Further exacerbating this problem is the recent proliferation of dolphins in the service industry. While passable as bar backs and bussers, mediocre as waitstaff and tolerable as maitre d', the recent influx of dolphin bartenders has set our cause back decades. For one, having dolphins handle our precious, precious booze is sacrilege in the first place - who knows what kind of diseases they carry? Secondly, they don't remember faces, names or drinks - very important skills for bartenders. On the off chance that they do remember your drink, they're going to get it wrong. That's a guarantee. Ask for a Mind Eraser, end up with a B-52. Come to think of it, I'd like a Mind 52. It will probably wash down that horrible Manhattan that the Amazon River Dolphin bartender at Flannery's just made me. You would think an Irish pub would hire an Irish person, or at least Scottish as bartenders, but an Amazon River Dolphin? That just does not compute. 2x2=4. Now that computes.

So in addition to getting the drinks wrong on a criminal basis, the dolphin's small flipper just cannot handle a properly shaken martini, inevitably spilling on several patrons. Their abuse of the bar gun for constantly watering themselves down for fear of dessication is disgusting and off-putting to patrons. And their bar-side chatter - you know your local bartender, right? "How's the craic, boy?" Ahhh, well, I could be better, my girl just hooked up with another guy in front of me. "I'm sorry to hear that. You were better than her anyway... How's a pint and a Jameson sound?" You know what, that sounds great. Just what the doctor ordered.

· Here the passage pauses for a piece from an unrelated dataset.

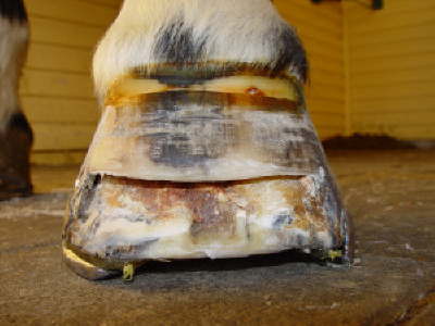 Blick von vorne, die Zehe schwebt durch das vorne offene Eisen.

Now let's replace the above Irish stereotype with a dolphin, for roleplaying's sake:

"Chirp Chirp Pip Pip Pip Clikakakakakaka Click Eeep!" Um, I'm not really sure what you said but if it's how I'm doing, well, sorta bad... you see my girl jus - "Eee eee eee ee eeee eee brrrrrrrrrrr!" Thanks for interrupting me buddy. I guess I'll have a Tullamore Dew and - "Click Click Ererererererereeek!" Um, I guess I'm going to take my business elsewhere unless you serve me a fucking drink, right now. {Bartender plays with ball, eats fish, warns of child stuck in buoy}.

OK - that never happened to me because I don't frequent the type of places a dolphin would be bartending. They're usually not at friendly neighborhood bars. Instead they usually work a W Hotel Bars or places with names like "Exit", "Libation", "k@rma" or "The Douche Factory". Since my visual aesthetic involves dark wooden walls and mirrors and not red leather divans and bottle service, I am unlikely to encounter the terrible service afforded by these creatures. Unless I were on a business trip and had to entertain prospects. But since my business trips most often involve amphibious armored personnel carriers and 7.62mm ammunition to terminate the dolphin menace, it won't actually happen.